The mix in my family is exotic and pedestrain and adding in my OH we cover a variety of religions too. I am proud of my heritage mixed up, low down and linked to the highest in the land all at the same time. I want my boys to see beyond to the people we are under the skin and indeed without the creed.

Crystal Jigsaw 14 June 2010 at 14:27  

All I know is that I'm English, as far as I do know there are no other nationalities in my blood, but I could of course be wrong.

You are quite right, there is no place for racism; we are all equal, all the same and no matter what we look like, we always will be.

CJ xx

Nora 15 June 2010 at 03:29  

You are right, PM, and doesn't your heritage and your children's make you all the more interesting because you can trace your lineage to all these different pouplation groups? I think it is fascinating and I would have my DNA examined and have it pinpointed.

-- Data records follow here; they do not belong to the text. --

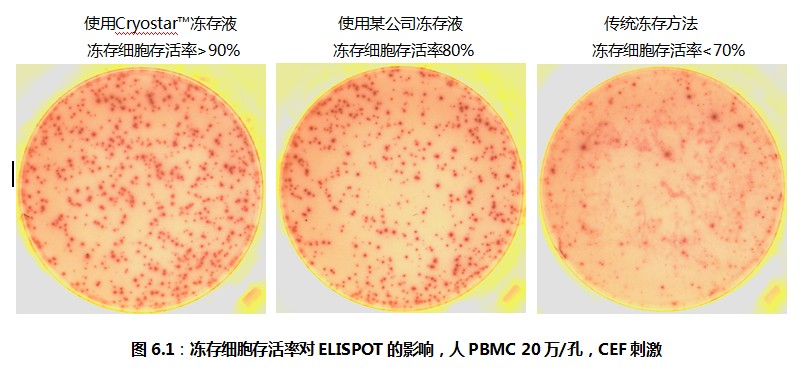 在ELISPOT檢測的應(yīng)用中,往往需要用到凍存的淋巴細(xì)胞樣品作為檢測細(xì)胞。由于ELISPOT檢測的是細(xì)胞的免疫功能,不僅僅需要保持細(xì)胞的存活率,而且還要保證細(xì)胞的功能不發(fā)生變化。傳統(tǒng)的細(xì)胞凍存方法通常是為了保存細(xì)胞株,對細(xì)胞存活率的要求不高,更沒考慮保持細(xì)胞原有的免疫狀態(tài),所以傳統(tǒng)的細(xì)胞凍存方法已經(jīng)不能滿足ELISPOT檢測的要求。參見圖7.1。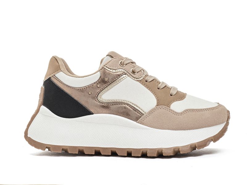 Deportivo con diseño de piezas en diferentes colores. Con plantilla confort extraíble y cuña.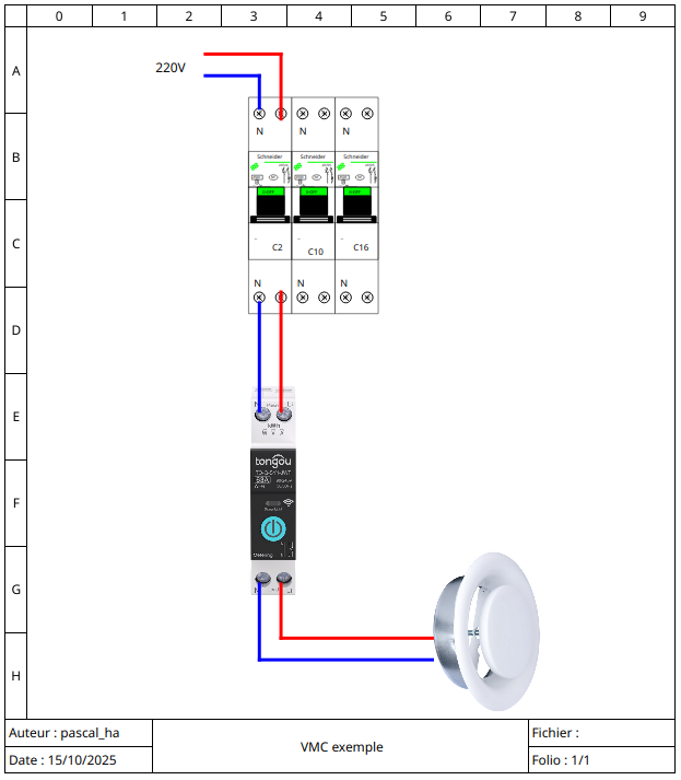 ok je n’avais pas compris que le peigne alimentait toute la ligne et effectivement j’y connais rien en électricité.J’ai appelé mon frère qui maitrise et avec ton schéma j’ai pu brancher l’interrupteur Tongou à la suite du disjoncteur de ma VMC, en faisant un “pont” entre le bas du disjoncteur et le haut du Tongou (qui n’est pas connecté au peigne). Tout fonctionne niveau électrique et c’est conforme à ton schéma. Merci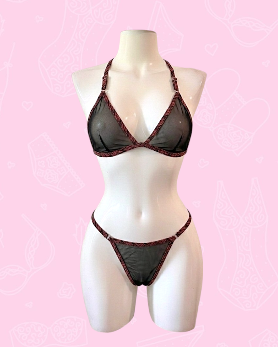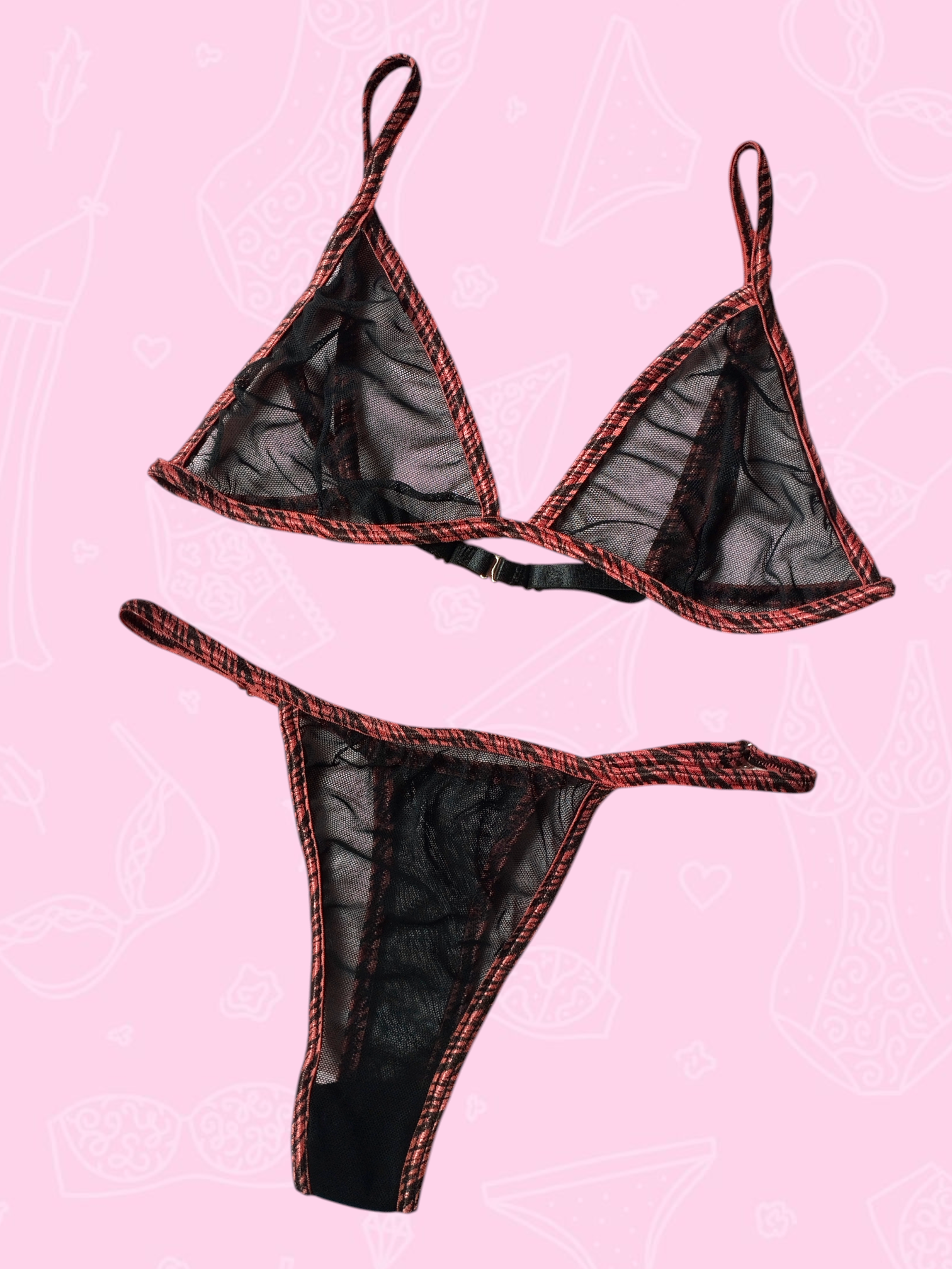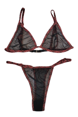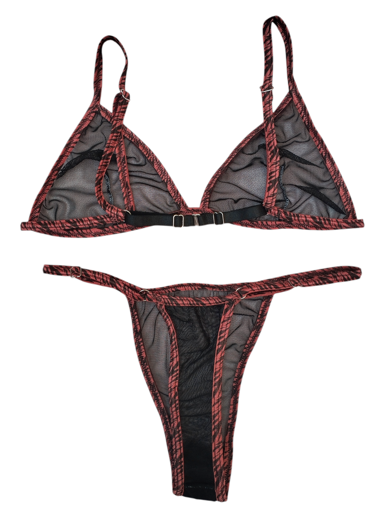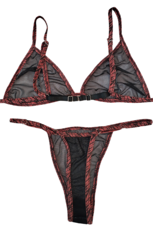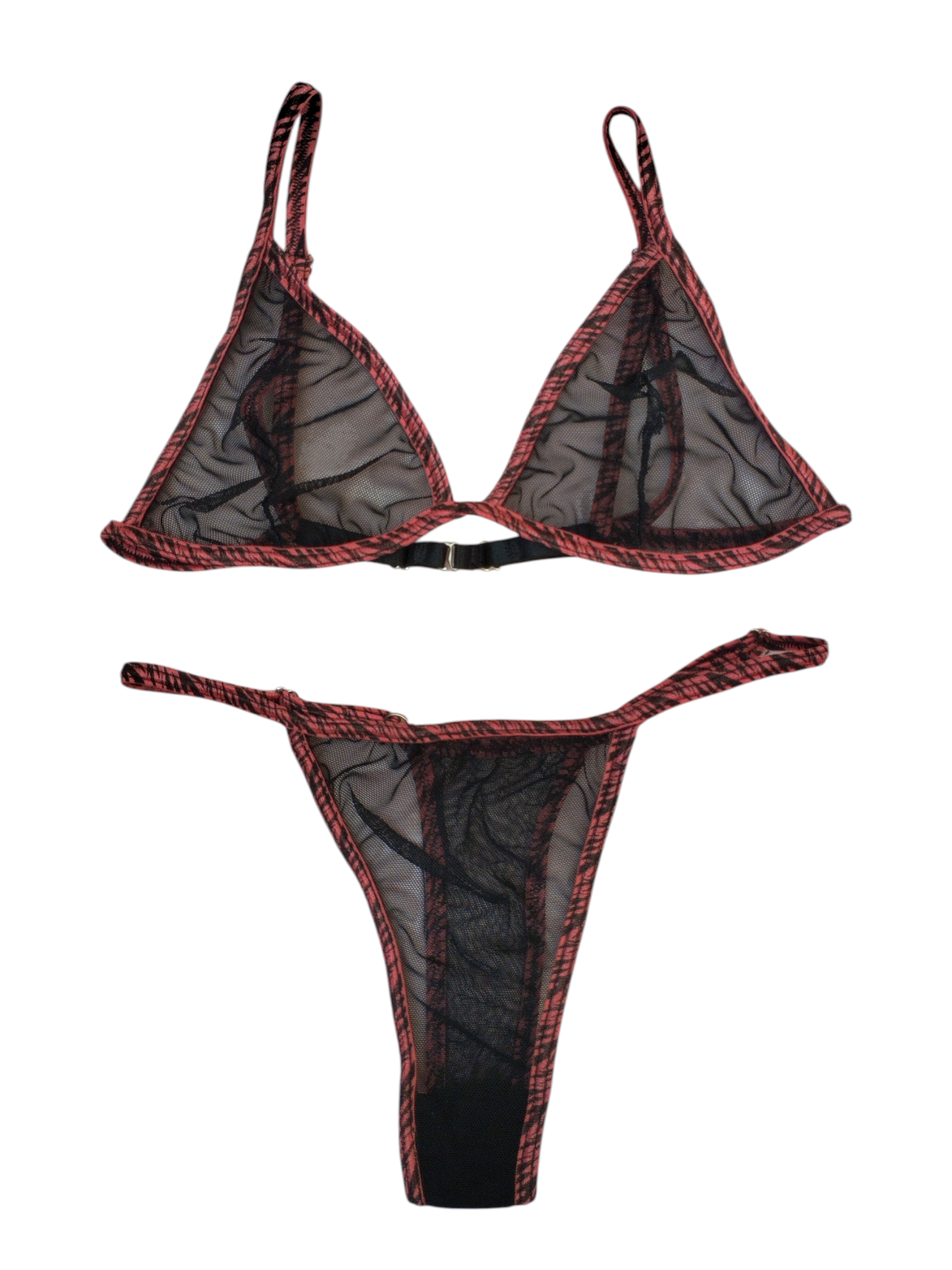 Este conjunto de lenceria en malla es delicado, comodo y sexy. De malla traslucida con sesgo en bordes estampado de animal print, panty tipo semihilo, sosten con hombros y espalda regulables.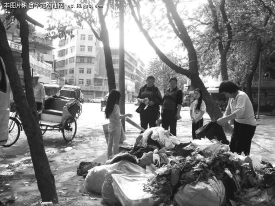 ▲回收废品的人员在路边挑拣垃圾里的旧衣服。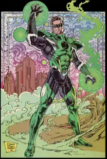 | .png.webp) Hal Jordan as Green Lantern Art by Gil Kane (penciler), Kevin Nowlan (inker), and Matt Hollingsworth (colorist) | |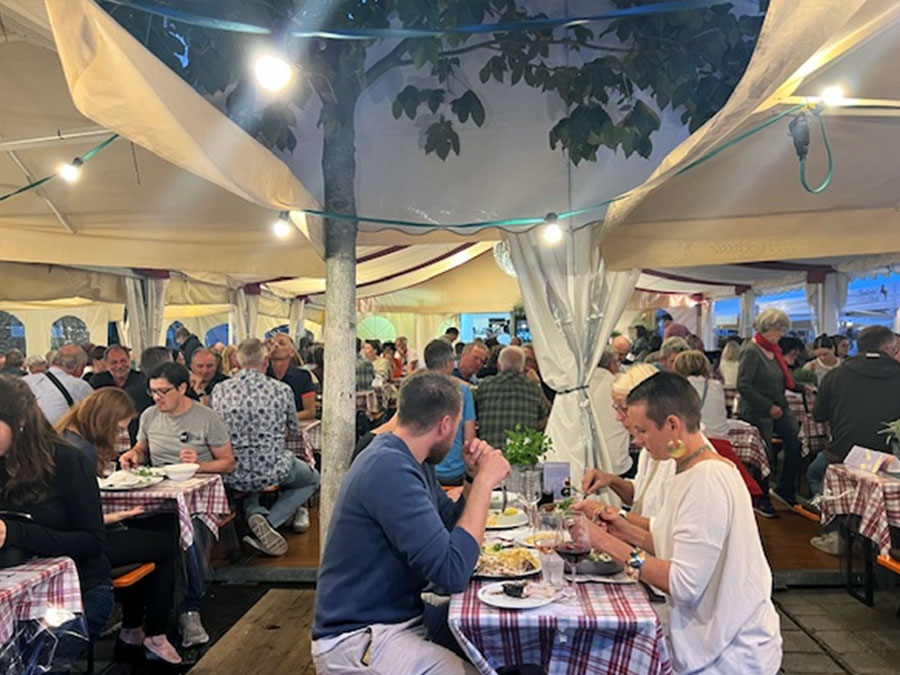 Ca. 3200 Innenplätze und viele Sitzplätze und Stehtische im Freien.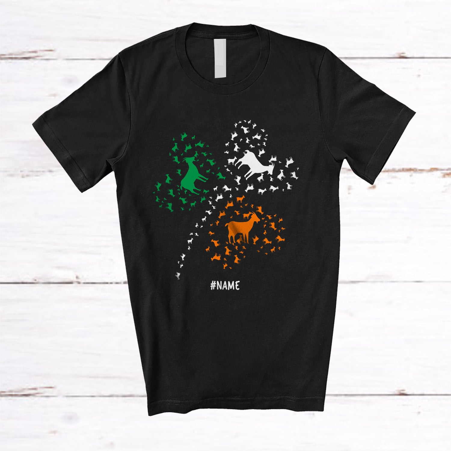 Personalized Irish Goat Shamrock Shape; Joyful St. Patrick's Day Custom Name Farmer; Family T-Shirt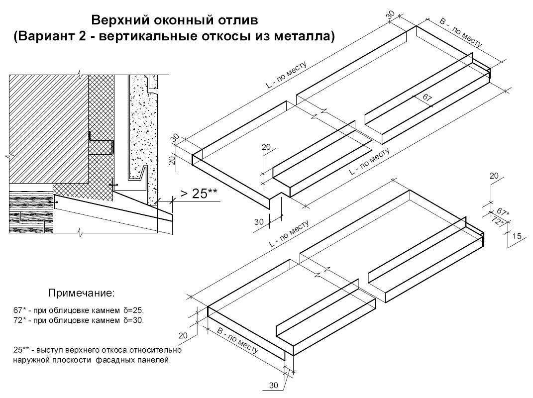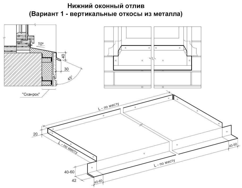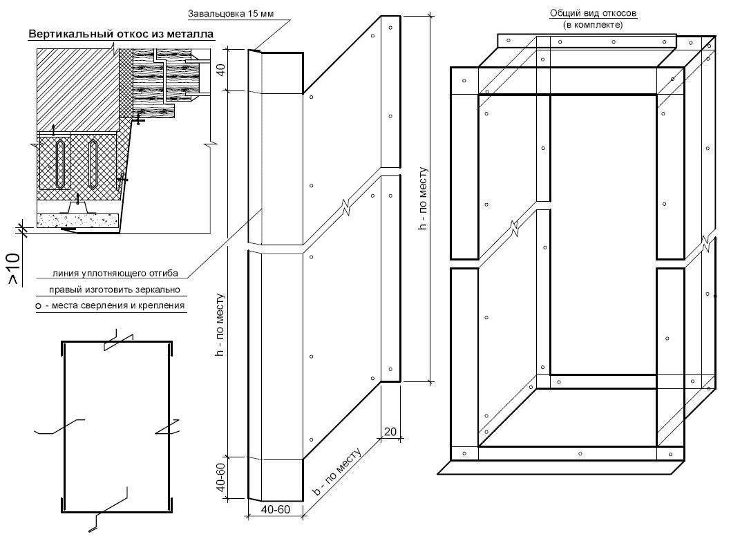Металлический вариант детали уже устоявшийся стандарт, установка которого не занимает много времени даже при условии самостоятельной работы. Монтаж предполагает необходимость точного соблюдения всех условий (Согласно нормам и правилам STO49299418-001 Узлы примыканий оконных и дверных блоков) и монтаж детали в отведенное для нее посадочное место. Своеобразная форма обеспечивает плотное прилегание к боковым стенкам. Монтаж металлических откосов в обязательном порядке предполагает фиксацию, что позволяет обеспечить плотное прилегание всех частей детали.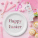 Happy Oaster Decorative Text mit bunten Ostereiern, Bundnies und Blume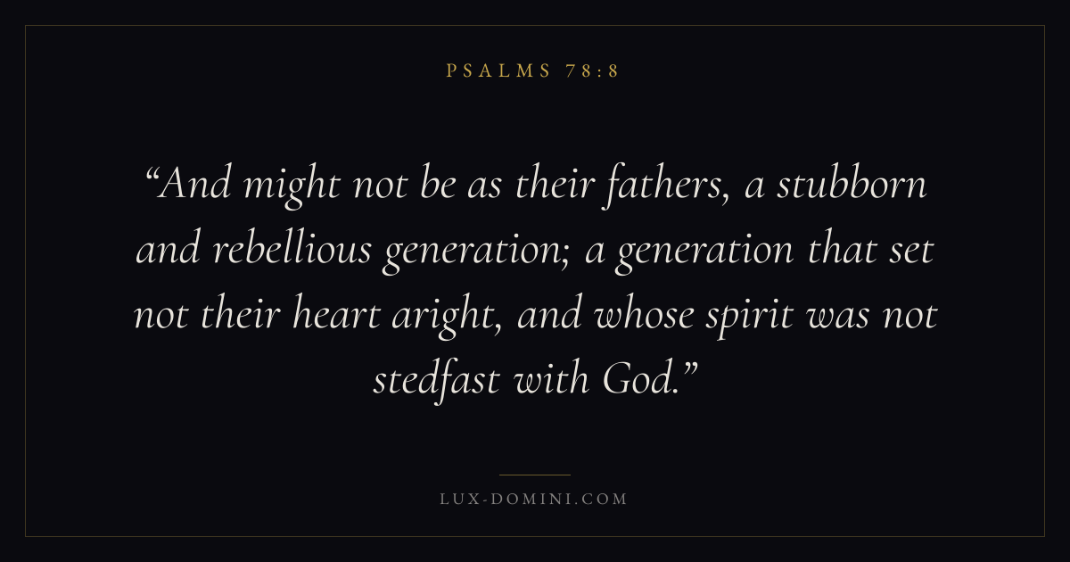 And might not be as their fathers, a stubborn and rebellious generation; a generation that set not their heart aright, and whose spirit was not stedfast with God.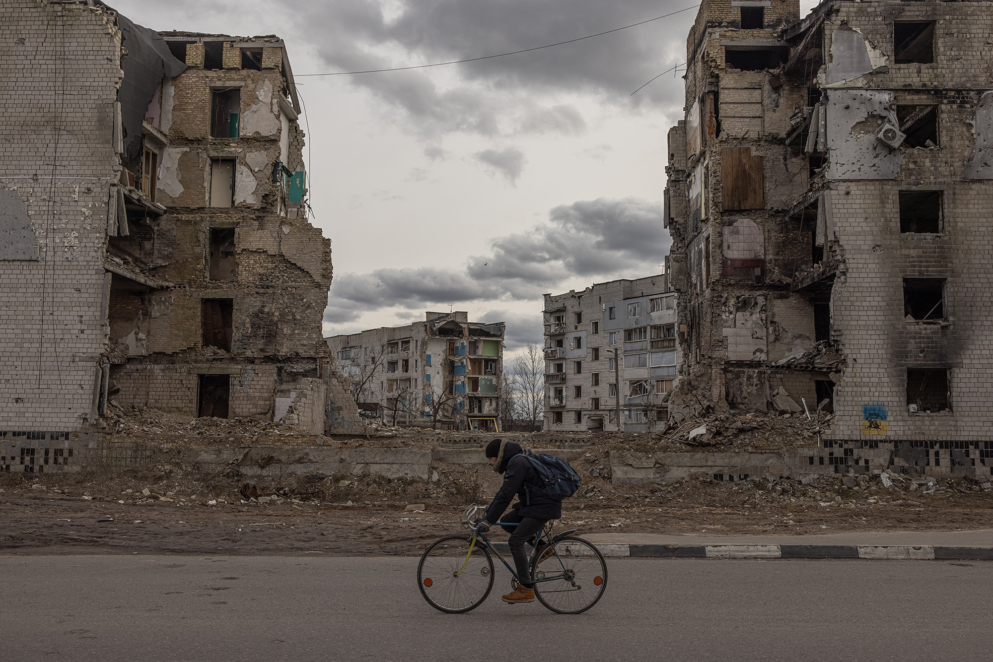 一名男子骑着自行车经过在乌克兰博罗迪安卡被俄罗斯袭击摧毁的住宅楼。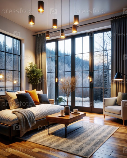 Уютное помещение с большими окнами, демонстрирующими зимний пейзаж, с удобным диваном, теплым освещением и комнатными растениями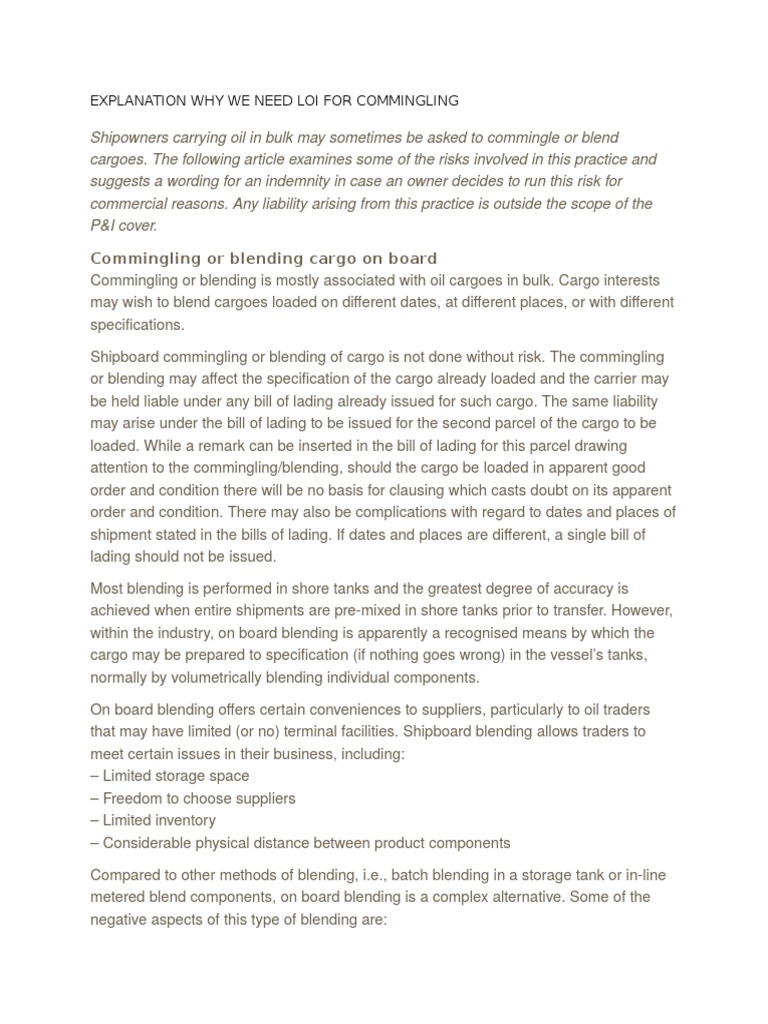 Explanation Why We Need Loi For Commingling | PDF | Bill Of Lading | Cargo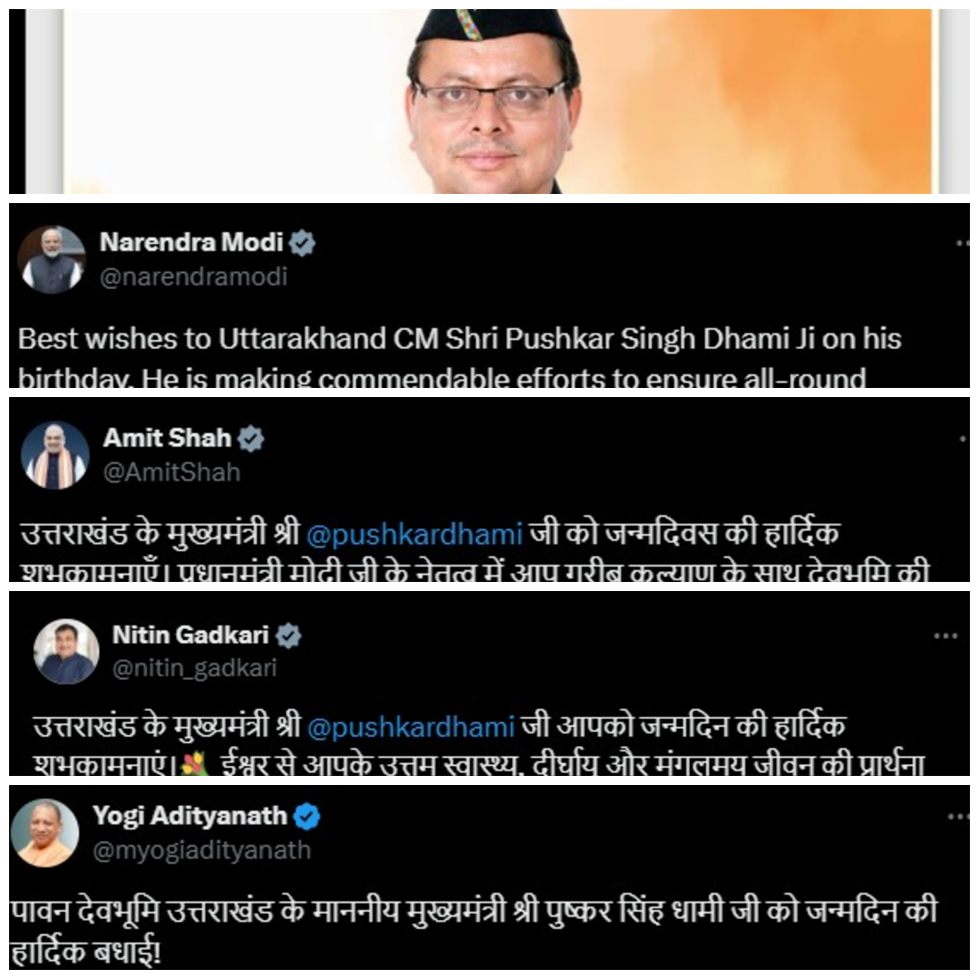“मुख्यमंत्री पुष्कर सिंह धामी को जन्मदिन की ढेरों शुभकामनाएँ। वे उत्तराखंड के विकास के लिए समर्पित भाव से कार्य कर रहे हैं। उनके आने वाले वर्षों के लिए मेरी शुभकामनाएँ।”

Potty Mummy 15 June 2010 at 09:40  

PlanB, well done you. I remember once waiting for Husband in a bar in St Pete's (he was late, as ever), being chatted up by a Russian guy who, it became clear, had rather antiquated views of our multi-cultural society in London. I won't write here what he said, but something tells me you can probably guess...

TW, hear hear!

CJ, I bet if you did one of those dna tests showing countries of origin, you would be surprised...

Nora, it IS fascinating - although you know boys, so far they haven't shown much interest...

Jennifer 15 June 2010 at 11:24  

Very interesting post! The Russian racial thing is terrible, and I don't think it will ever change. All the Russians I knew could not believe we had and still have an Obama '08 sticker on our car...because they could not believe we would be in favor of a black man being President. Silly silly silly.

It's good to be reminded of the phrases that have crept into our modern vernacular and how hurtful they can be. Excellent post!

Glummy Mummy 15 June 2010 at 16:57  

My mother is Irish too, and again, one look at her maiden name and you immediately know that she's from Ireland.

Potty Mummy 16 June 2010 at 07:22  

Thanks Jennifer!

And GM, Irish names are generally unmissable, aren't they?

mothership 16 June 2010 at 18:12  

Great post.
I feel so deeply affronted by racism/sexism/homophobia.
Our family is an exotic mix of which we are extremely proud - we think it makes us more interesting (and more beautiful, of course!).
Thanks for speaking up!

Anonymous,  12 April 2011 at 18:34  

I absolutely love racism. Anti-racism is dull. Thank God that when I checked my family tree, I found nothing but North-West Europeans. If I had even a drop of Gypsy heritage, I'd kill myself (after killing several others, of course). What's good is that people like me will always exist. We'll always be around to shit on your vision of a perfect world.

Anonymous,  12 April 2011 at 18:39  

Ah, I've just noticed a mistake in your post. The birthmark you mention is called a Mongolian blue spot. It's a sign of Asian, not nigger heritage, which shouldn't be all too shocking given your husband's substantial inferior race heritage.